Heard at Phoenix House (Bradford) on 30 June 2025
Order Regarding Anonymity
Pursuant to rule 14 of the Tribunal Procedure (Upper Tribunal) Rules 2008, the appellant is granted anonymity. No-one shall publish or reveal any information, including the name or address of the appellant, likely to lead members of the public to identify the appellant. Failure to comply with this order could amount to a contempt of court.
DECISION AND REASONS
1. The Appellant appeals with permission a decision of a judge at the First-tier Tribunal (‘the Judge’) who dismissed his appeal against the refusal of his further submissions made in support of his claim for international protection and/or leave to remain in the United Kingdom on any other basis.
2. The Appellant is a citizen of Iraq who entered the United Kingdom on 8 November 2018, claiming asylum the same day. That application was refused and the Appellant’s appeal against the refusal dismissed by another judge of the First-tier Tribunal on 11 December 2019. The Appellant made his further submissions on 3 November 2020.
3. The Judge was clearly aware of the issues in the appeal which are referred to from [6] of the decision under challenge.
4. The Judge notes the existence of the earlier determination and correctly applied the Devaseelan principle to the assessment of the evidence as a whole. The Judge was well aware that the earlier determination was the starting point and that she needed, in addition, to assess the merits of the appeal on the basis of the evidence made available since the earlier determination was handed down.
5. The Judge sets out the correct legal framework at [12] and we find no merit in the suggestion in Ground 7 [11] that the Judge applied too high a standard of proof. The fact the Appellant may disagree with the Judge’s findings and outcome does not mean an incorrect burden or standard of proof was applied.
6. The Judge’s findings commence from [13]. The Appellant challenged the Judge’s decision on eight grounds.
7. Advocates should not need reminding that overly long grounds do not assist the appeal process, with far more being gained from shorter more focussed grounds concentrating upon an appellant’s best points, rather than trying to raise every small point they think they may be able to build a case around, even though some are totally without merit.

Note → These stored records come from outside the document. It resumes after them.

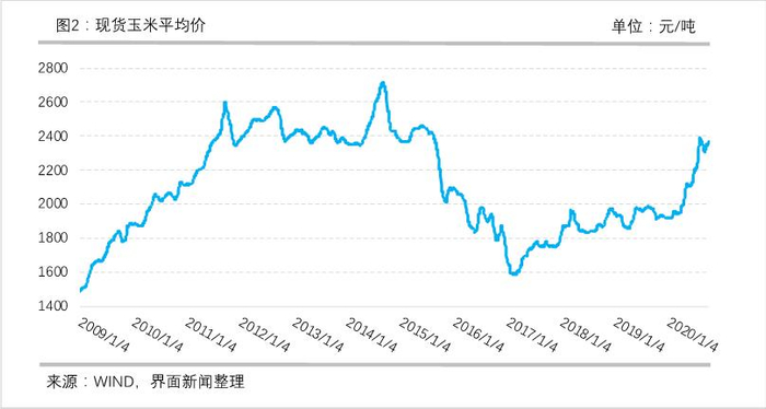 玉米价格的上涨态势已持续4年,并在2020年3月下旬以来加速。截至2020年10月10日,现货玉米均价2396.98元/吨,与2017年2月的底部相比,玉米每吨价格上涨超过800元,涨幅达51%;与2019年末相比,上涨450元,涨幅25%。
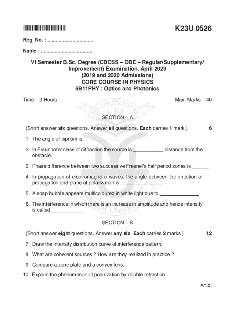 This document outlines the examination structure and questions for the Core Course in Optics and Photonics as part of the VI semester B.Sc. Degree CBCSS – OBE program. It includes various sections with short answer questions, problems, and essays related to the topics of optics and photonics.
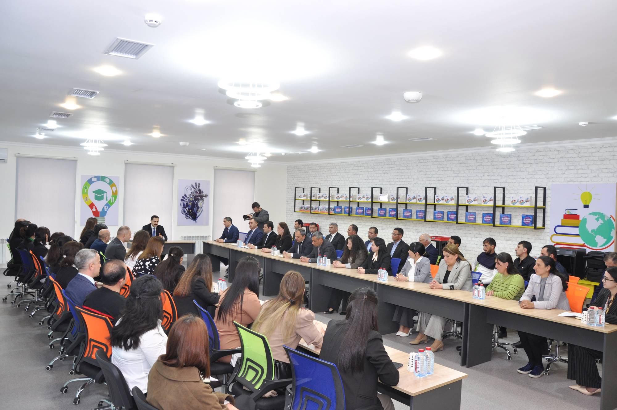 İşə qəbul və sertifikatlaşdırma imtahanlarında yüksək nəticə əldə edən müəllimlərin iştirakı ilə baş tutan görüşdə təhsilverənlərin peşəkar inkişafı, dərs keyfiyyətinin yüksəldilməsi, qiymətləndirmə meyarları, tədris prosesində innovativ yanaşmaların tətbiqi və gələcək hədəflər ətrafında fikir mübadiləsi aparılıb. Eyni zamanda tam ştatlı məşğulluq modelinin tətbiqi və sertifikasiya prosesinin tədrisin keyfiyyətinə müsbət təsiri qeyd olunub.
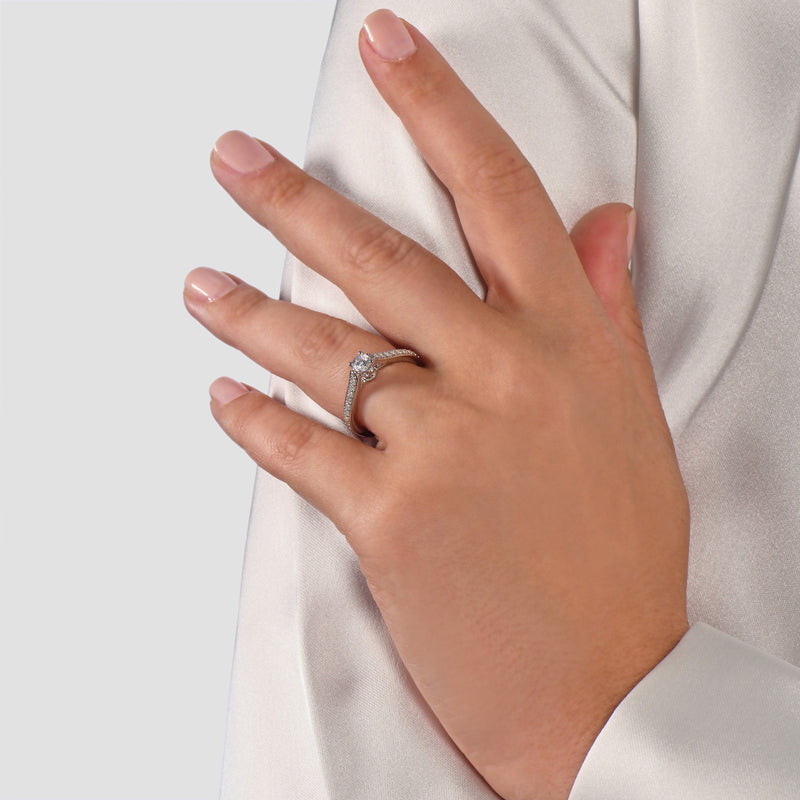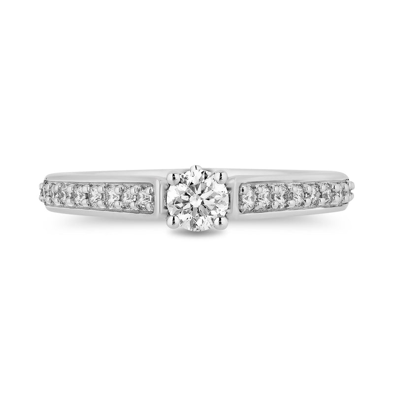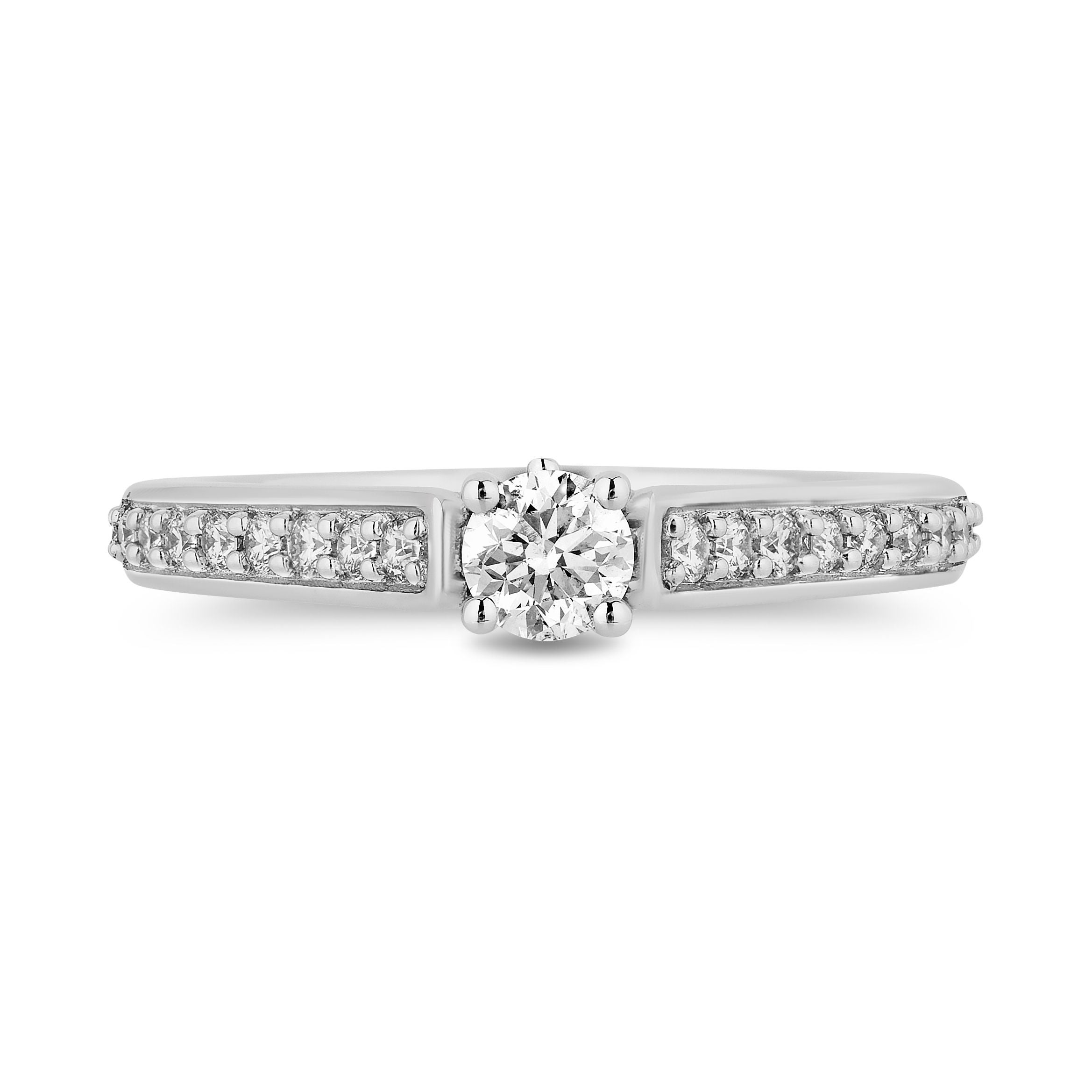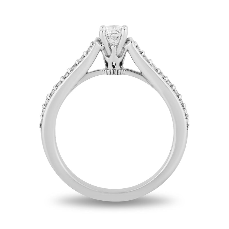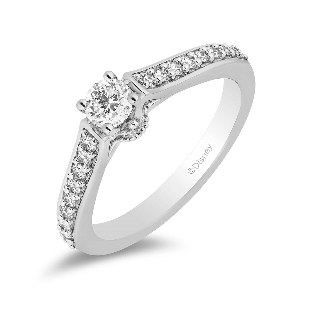 The ring to give to a very special lady who won't place her fate in others' hands. Designed for the empowered princess, this Enchanted Disney Fine Jewelry Majestic Princess Diamond Engagement Ring shimmers with 1/2 cttw of diamonds. Its 14K white gold band showcases simplicity that will impress. Celebrate her determination, commitment, and admirable character with the powerful sparkle of this diamond ring.

8. A perfect example of this is Ground 1 in which the Appellant asserts the Judge had a predetermined mind, which is akin to submitting the Judge was bias. There is absolutely no basis for making such an assertion on the facts of this appeal. The fact the Judge worked through the evidence and came to a conclusion that led to the appeal being dismissed does not mean the Judge had a closed mind. It is a disingenuous submission that bears no relationship to the appeal as a whole and is totally unsupported by any of the evidence.
9. In any event, the grant of permission to appeal to the Upper Tribunal by another judge of the First-tier Tribunal was limited. The operative part of the grant reads:
2. The grounds assert that the judge erred in having a “pre-determined mind” before hearing all the evidence and argument by finding the Appellant had opened his Facebook account after his asylum claim was refused; made no finding as to objective evidence; misdirected herself as to the threats to the Appellant; erred in applying XX(PJAK – sur place activities- Facebook) Iran CG [2002] UKUT 00023 (IAC) which is relevant to Iran as though it were equally applicable to Iraq; erred in her approach to various aspects of the evidence; and erred in her approach to re-documentation on return to Iraq.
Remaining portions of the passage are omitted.